On 2/13/2025, Director contacted Community Care Licensing (CCL) to self-report the following unusual incident: at approximately 8:15 AM during a rainy day, Teacher#1 heard screaming "help help help" from the parking lot. Teacher#1 went outside to assist another Teacher#2(substitute for the Sunflower Classroom) who had fallen in the parking lot. Teacher#1 left two children(C1,C2) unattended in classroom#10, another Teacher#3 went in to room#10 to supervise the two children who were playing with play dough 2-3 minuets . Center staff were not aware two children were left unsupervised.

During the course of the investigation, LPA interviewed staff and conducted a children's file review. Also LPA conducted/completed parent interviews(see LIC812).

LPA confirmed LIC624 written unusual incident report was submitted by Director on 2/13/2025 via email. LPA verified Director followed reporting requirements as outlined in Title 22 Californian Code of Regulations(CCR)
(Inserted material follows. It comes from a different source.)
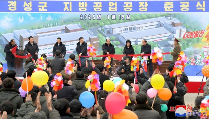 North Korean party officials, soldiers, employees and others take part in the inauguration ceremony of a regional factory in Kyongsong County, North Hamgyong Province, on Jan. 12, 2025, in this photo released by the North's official Korean Central News Agency the next day. The dedication of the factory is part of a project that the North's leader Kim Jong-un set forth in January 2024 to build modernized factories in 20 cities and counties over the next decade to enhance the living standards of the people. (For Use Only in the Republic of Korea. No Redistribution) (Yonhap)

As mentioned LPA interviewed Director and staff. Through these interviews LPA confirmed teacher#1 who supervised C1 and C2 in the classroom(#10) left the children unsupervised for 2 to3 minutes LPA determined CCC did not follow section 101229 (Responsibility for providing care and supervision) in Title 22 California Code of Regulations. Continued on LIC809-C

SUPERVISORS NAME: Ana Tolentino
LICENSING EVALUATOR NAME: German Negrete
LICENSING EVALUATOR SIGNATURE: DATE: 03/10/2025
I acknowledge receipt of this form and understand my licensing appeal rights as explained and received.
FACILITY REPRESENTATIVE SIGNATURE: DATE: 03/10/2025
This report must be available at Child Care and Group Home facilities for public review for 3 years.

LIC809 (FAS) - (06/04)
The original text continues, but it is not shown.